Tuesday, March 19, 2002

The trouble with Thatch



Margaret Thatcher calls for withdrawal from the EU. Except that she doesn't. She calls for a withdrawal from the Common Agricultural Policy, etc,etc - and she actually says that we should hold withdrawal as a backstop. This is a couple of miles behind her private asides (and so semi-public asides, as is the nature of these things). This may be construed as effectively call for a withdrawal.

It is also exactly what Iain Duncan Smith was putting his name to when he was active in CAFE, "Conservatives Against a Federal Europe".

She's actually talking about withdrawal, something for which she should be commended. She also, rarely for an ex-politician, admits that she was wrong at the height of her career - something that supposedly less "arrogant" colleagues constantly refuse to do. Have Nigel Lawson or John Major apologised for their role into forcing us into the Exchange Rate Mechanism, which they both regret privately? Strike two for Mags.

And yet, and yet.

What is her alternative? Free trade must be protected by ... joining another free trade bloc. Or perhaps joining two. One marvels at the naivety. Free trade blocs are bad for free trade. Firstly they swap a national tariff for an international one. Progress of sorts, but the international tariff can itself become a block to further liberalisation. That is the least of the problems.

Simply put free trade areas morph into embryonic governments, and have from the beginning of time. The United States was partly sold as a free trade agreement. The zollverein (which translates along the lines of uniting the tolls - excuse my poor German) was the forerunner of the German Empire. Of course we also have the glorious European Union, which as anyone who remembers the 1975 referendum will tell you was sold as"just a free trade zone".

Just a free trade zone? No such thing.

There is simply no guarantee that NAFTA will not develop into the same type of monster as the EU. Of course it has had a standing start, but in fact there are fewer obstacles to unity than the EU faces, everyone - at least outside southern Mexico - speaks English - and a totally dominant power means that petty rivalries will have less potential to obstruct the grand projet.

And then there is America. She describes the relationship with America as the "essential" relationship for Britain. To an extent she's right, although Germany's relationship with America is pretty essential, as is South Korea's, as is even Iraq's. America is quite simply the temporary hegemon of the world, and so everyone has to be nice to it.

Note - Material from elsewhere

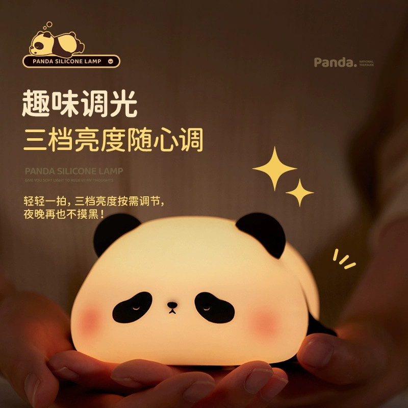 熊猫胖达柔光硅胶灯小夜灯护眼拍拍灯卧室台灯儿童女生圣诞礼物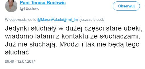 Wpis Teresy Bochwic pojawił się wczoraj na Twitterze w ramach dyskusji o przyczynach rekordowego spadku słuchalności Jedynki Polskiego Radia, która pierwszy raz w historii badań spadła poniżej 8 proc.

But a "special relationship"? Tell that to the Americans. I would hazard a guess that we are jostling with the Germans and Canadians for fourth place behind Japan, Israel and Mexico (not necesarily in that order). In the Olympic special relations event we can't even make it on the podium. When an American sees Israel on the news he will often see a Western country with its back against the wall and perhaps a vital tool for the second coming of Christ, when he sees Britain he sees a royal divorce or a particularly raucous Prime Minister's Question Time.

Of course an argument, to which I subscribe, is that we should play kissy-kissy with America because the British simply do not think that they can go it alone in the world - and so need some alternative form of enslavement to go to. Then we can leave America once we have left Europe.

However, there is no harm in helping the British see that they don't need to be tied into any permanent alliance, european or anglosphere.

Take to your tents, O Israel Albion.